How to find the area of the cookies? Our cookies are about 2.5 inches across the x-axis and 4 inches across the y-axis, so \(a=\frac{5}{4}\) and \(b=2\). Therefore, the equation we will be using for the ellipse is \(x(t)=\frac{5}{4}\cos t, y(t)=2\sin t\). The formula to find the area is \(A=\pi ab\). But that would be too easy! We’ve struggled through enough problems on the whiteboards to know that calculus is really about virtue—so we are going to integrate instead.

The area formula for parametric curves is \(A = \frac{1}{2} \int_{0}^{2\pi} x(t)y^{\prime}(t) - y(t)x^{\prime}(t)\, dt\). We can find that

\(x^{\prime}(t)=-\frac{5}{4} \sin t\)
\(y^{\prime}(t)=2\cos t\)

Substituting these values into the formula yields

\(A = \frac{1}{2} \int_{0}^{2\pi} \frac{5}{2}\cos^{2}t+\frac{5}{2}\sin^{2}t\, dt\)

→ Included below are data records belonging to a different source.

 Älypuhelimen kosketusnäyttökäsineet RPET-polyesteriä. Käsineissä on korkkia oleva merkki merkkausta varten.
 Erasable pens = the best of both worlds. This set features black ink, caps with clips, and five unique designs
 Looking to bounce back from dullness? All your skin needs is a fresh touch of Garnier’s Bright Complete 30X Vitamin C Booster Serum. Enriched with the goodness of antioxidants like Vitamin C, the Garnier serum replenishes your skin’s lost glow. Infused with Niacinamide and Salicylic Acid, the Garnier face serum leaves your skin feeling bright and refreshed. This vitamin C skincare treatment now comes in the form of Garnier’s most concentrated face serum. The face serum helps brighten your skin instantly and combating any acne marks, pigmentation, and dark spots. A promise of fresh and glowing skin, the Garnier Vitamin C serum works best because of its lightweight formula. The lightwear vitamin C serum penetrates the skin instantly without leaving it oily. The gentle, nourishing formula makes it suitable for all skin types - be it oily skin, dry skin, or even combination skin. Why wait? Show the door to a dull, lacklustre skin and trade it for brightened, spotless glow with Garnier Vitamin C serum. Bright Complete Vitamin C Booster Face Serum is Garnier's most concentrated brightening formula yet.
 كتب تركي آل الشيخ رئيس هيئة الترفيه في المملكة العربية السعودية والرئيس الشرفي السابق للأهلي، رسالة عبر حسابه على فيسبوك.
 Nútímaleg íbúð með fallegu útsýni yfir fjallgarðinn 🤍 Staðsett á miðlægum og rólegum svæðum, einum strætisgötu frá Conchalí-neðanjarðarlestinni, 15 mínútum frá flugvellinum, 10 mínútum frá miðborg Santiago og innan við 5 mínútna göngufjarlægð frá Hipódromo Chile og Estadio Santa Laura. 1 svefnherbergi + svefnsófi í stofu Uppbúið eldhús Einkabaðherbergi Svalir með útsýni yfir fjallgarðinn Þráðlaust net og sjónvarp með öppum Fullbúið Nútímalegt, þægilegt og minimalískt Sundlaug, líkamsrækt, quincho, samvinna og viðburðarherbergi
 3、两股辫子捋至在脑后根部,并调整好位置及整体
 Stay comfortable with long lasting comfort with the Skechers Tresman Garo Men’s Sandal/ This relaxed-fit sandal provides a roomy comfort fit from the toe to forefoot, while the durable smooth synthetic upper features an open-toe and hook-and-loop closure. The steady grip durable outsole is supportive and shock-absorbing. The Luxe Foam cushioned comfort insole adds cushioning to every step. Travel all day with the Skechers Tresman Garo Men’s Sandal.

Now we can factor out \(\frac{5}{2}\):

\(A = \frac{5}{4} \int_{0}^{2\pi} \cos^{2}t+\sin^{2}t\, dt\)

Now using the Pythagorean Identity \(\cos^{2}t+\sin^{2}t = 1\),

\(A = \frac{5}{4} \int_{0}^{2\pi} 1\, dt\)

Finally, integration shows that

\(A = \frac{5}{4}t \, \bigg |_{0}^{2\pi}\)

\(A = \frac{5}{4} (2\pi - 0)\)

\(A = \frac{5\pi}{2}\)

We can prove our answer using the ellipse formula, \(A=\pi ab\). We can see that

\(A = \pi \frac{5}{4}(2) = \frac{5\pi}{2} = \frac{1}{2} \int_{0}^{2\pi} \frac{5}{2}\cos^{2}t+\frac{5}{2}\sin^{2}t\, dt\)

It may not be as useful as the optimal taco bite, or as cool as a calculus word search, but if you are making these kinds of cookies, you’ll know exactly how much frosting to use.